── MATERIAL PROVIDED ──

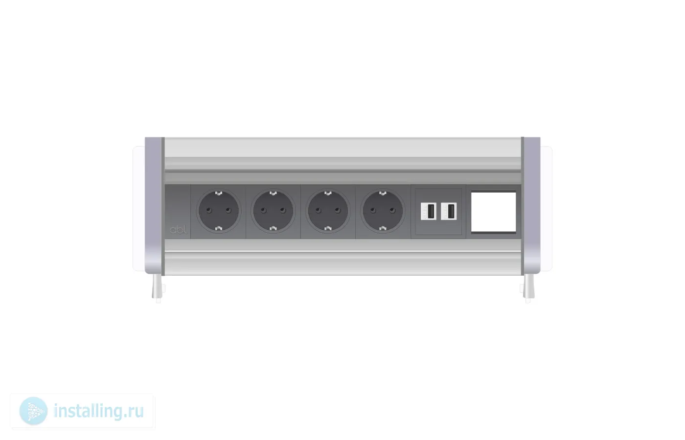 4 розетки (Schuko); 2xUSB, тип А (2,4 А) и 1 слот для установки модуля подключения IMP (приобретается отдельно). Монтаж к столу: врезной. Толщина столешницы: 10–30 мм.
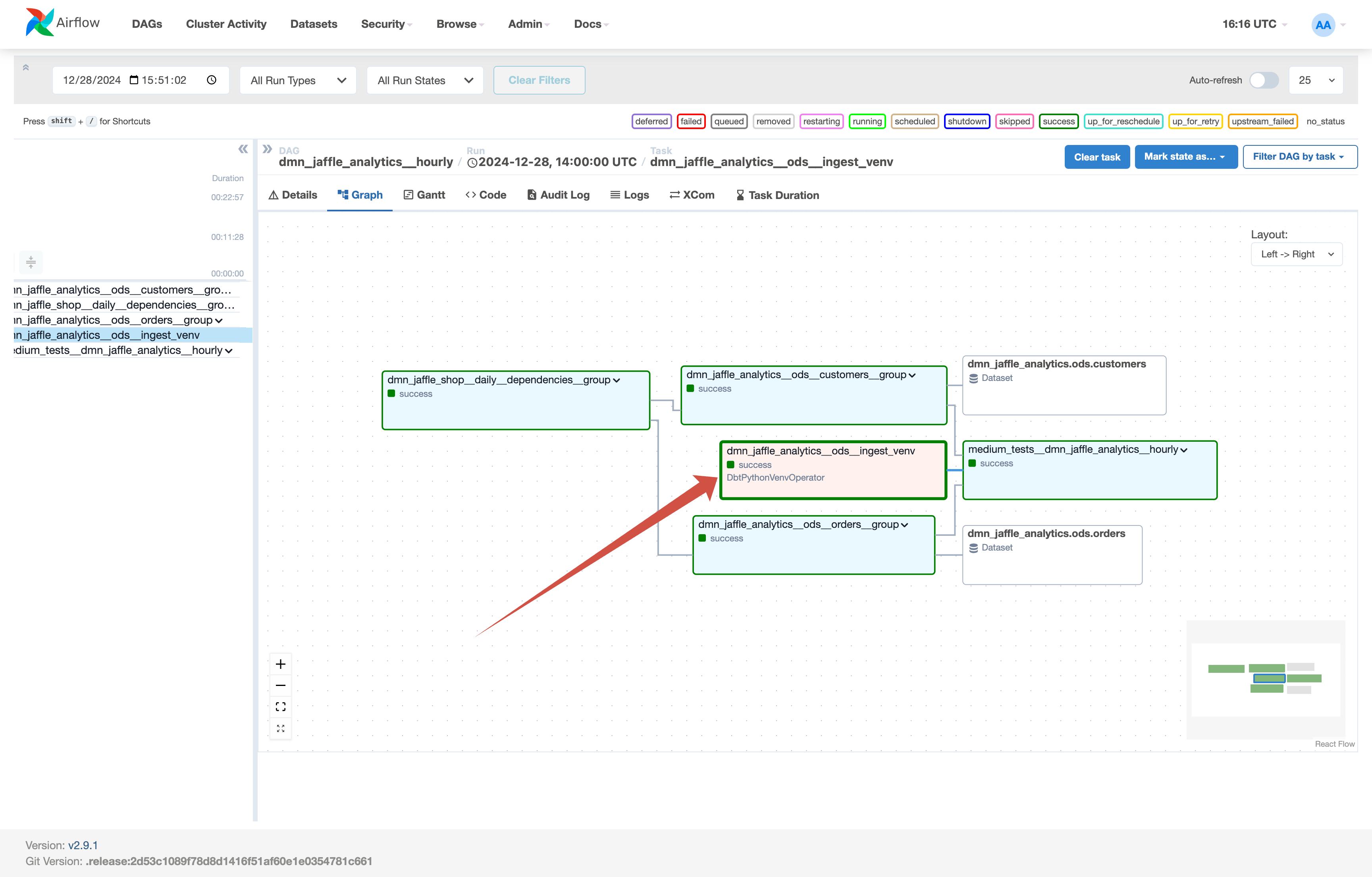 If everything is set up correctly, you can view the model in the dbt graph and run it will be run as a usual DAG component.
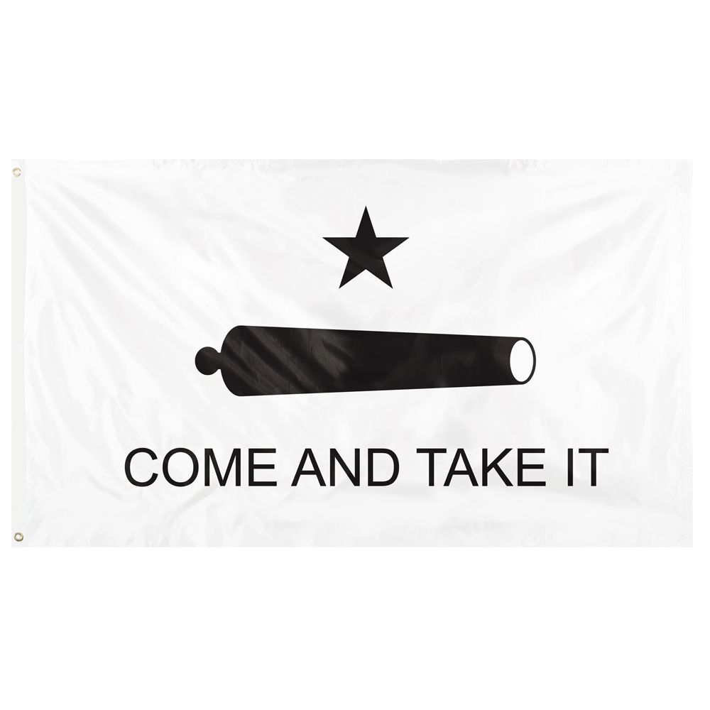 Show your unwavering spirit of resistance with the Come And Take It Flag, a bold piece of American history immortalized on fabric. This iconic flag dates back to the American Revolution and symbolizes the determination to defend one’s rights and property at all costs. Made from 100% polyester, it features the famous phrase "Come And Take It" along with the classic imagery—perfect for patriotic displays, historical reenactments, or personal expression. Whether indoors or out, it adds historical significance and fearless energy to any space.
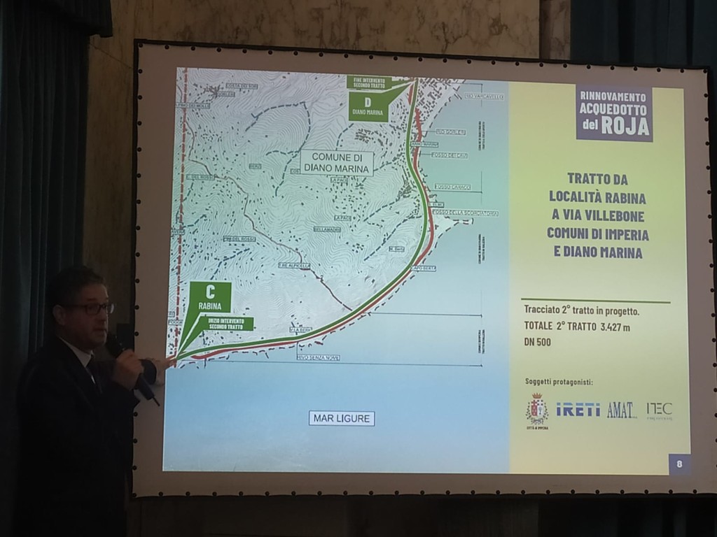 “Non ho portato nessuna perplessità, - ha poi spiegato il sindaco di Diano Castello Romano Damonte - ho solo ribadito quello che avevamo detto in tante riunioni: premetto che sono contentissimo che si riesca a raddoppiare il tubo e arriviamo a Diano Marina. Continuo a ribadire che l’importante è che arriviamo allo stacco di Diano Marina, poi che si inizi da un punto o da un altro l’importante è che arriviamo a quello. Noi del dianese abbiamo sempre puntato a quello, adesso non vogliamo fare la parte di quelli che pongono delle pastoie o che vogliono fermare l’opera. A noi sta bene che venga fatta, l’importante è che arriviamo al dianese. Noi conosciamo le problematiche del nostro territorio, del tubo che si rompeva nel nostro territorio, ho solo ribadito quello. Sono contentissimo che si faccia questo tratto di conduttura, l’importante è che arriviamo nel dianese in tempi abbastanza brevi perché quando sono iniziati questi discorsi, erano iniziati perché c’era la problematica del dianese che tutte le estati restava senza acqua. Forse Diano Castello l’ha patita meno avendo delle centrali di pompaggio e delle vasche di accumulo, però mi sono sentito in dovere di precisare queste cose. Poi, se abbiamo trovato il finanziatore e chi porta l’acqua nel dianese sono ben felice”.
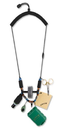 An ergonomic fishing neck lanyard crafted in the USA. THE GUIDE: Adjustable foam neck strap with break away feature for safety. Tubular foam fly patch on both left and right side. Bottom clip to secure to shirt to prevent lanyard swing. Horizontal tippet carrier, floatant caddy, fly drying chamois, four accessory snaps for your tools. Lanyard may come in black, blue, green, or natural beads. Fully-loaded comes with Hy-Flote gel floatant, 4x, 5x, 6x Super Strong Tippet, mini nipper, micro scissor forceps, fly box.
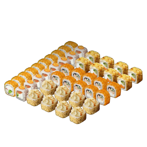 Лосось жареный, сыр, огурец, курица на гриле,чипсы, помидорка, сырный соус, масага, краб (имитация), пекинская капуста.
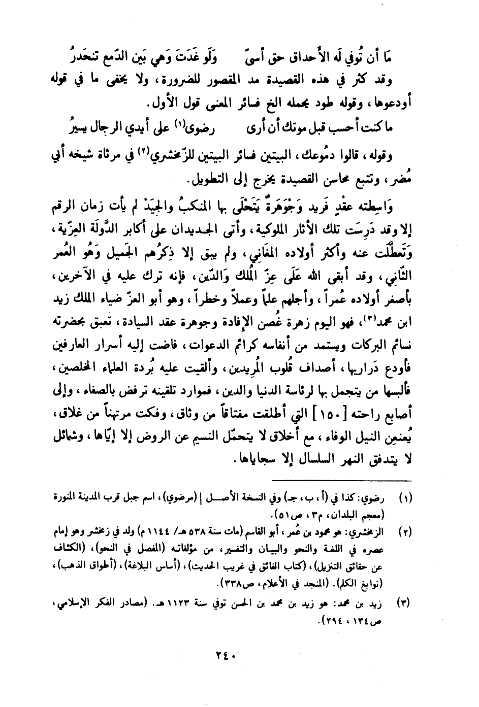 وَقَوله قَالُوا دموعك الْبَيْتَيْنِ فسائر الْبَيْتَيْنِ للزمخشري فِي مرثاة شَيْخه أبي مُضر وتتبع محَاسِن القصيدة يخرج إِلَى التَّطْوِيل

───

**WHAT YOU NEED TO DO**
Word for word, set down every line of the records above, and leave the pictures out.

**ANSWER BOX**
 4 розетки (Schuko); 2xUSB, тип А (2,4 А) и 1 слот для установки модуля подключения IMP (приобретается отдельно). Монтаж к столу: врезной. Толщина столешницы: 10–30 мм.
 If everything is set up correctly, you can view the model in the dbt graph and run it will be run as a usual DAG component.
 Show your unwavering spirit of resistance with the Come And Take It Flag, a bold piece of American history immortalized on fabric. This iconic flag dates back to the American Revolution and symbolizes the determination to defend one’s rights and property at all costs. Made from 100% polyester, it features the famous phrase "Come And Take It" along with the classic imagery—perfect for patriotic displays, historical reenactments, or personal expression. Whether indoors or out, it adds historical significance and fearless energy to any space.
 “Non ho portato nessuna perplessità, - ha poi spiegato il sindaco di Diano Castello Romano Damonte - ho solo ribadito quello che avevamo detto in tante riunioni: premetto che sono contentissimo che si riesca a raddoppiare il tubo e arriviamo a Diano Marina. Continuo a ribadire che l’importante è che arriviamo allo stacco di Diano Marina, poi che si inizi da un punto o da un altro l’importante è che arriviamo a quello. Noi del dianese abbiamo sempre puntato a quello, adesso non vogliamo fare la parte di quelli che pongono delle pastoie o che vogliono fermare l’opera. A noi sta bene che venga fatta, l’importante è che arriviamo al dianese. Noi conosciamo le problematiche del nostro territorio, del tubo che si rompeva nel nostro territorio, ho solo ribadito quello. Sono contentissimo che si faccia questo tratto di conduttura, l’importante è che arriviamo nel dianese in tempi abbastanza brevi perché quando sono iniziati questi discorsi, erano iniziati perché c’era la problematica del dianese che tutte le estati restava senza acqua. Forse Diano Castello l’ha patita meno avendo delle centrali di pompaggio e delle vasche di accumulo, però mi sono sentito in dovere di precisare queste cose. Poi, se abbiamo trovato il finanziatore e chi porta l’acqua nel dianese sono ben felice”.
 An ergonomic fishing neck lanyard crafted in the USA. THE GUIDE: Adjustable foam neck strap with break away feature for safety. Tubular foam fly patch on both left and right side. Bottom clip to secure to shirt to prevent lanyard swing. Horizontal tippet carrier, floatant caddy, fly drying chamois, four accessory snaps for your tools. Lanyard may come in black, blue, green, or natural beads. Fully-loaded comes with Hy-Flote gel floatant, 4x, 5x, 6x Super Strong Tippet, mini nipper, micro scissor forceps, fly box.
 Лосось жареный, сыр, огурец, курица на гриле,чипсы, помидорка, сырный соус, масага, краб (имитация), пекинская капуста.
 وَقَوله قَالُوا دموعك الْبَيْتَيْنِ فسائر الْبَيْتَيْنِ للزمخشري فِي مرثاة شَيْخه أبي مُضر وتتبع محَاسِن القصيدة يخرج إِلَى التَّطْوِيل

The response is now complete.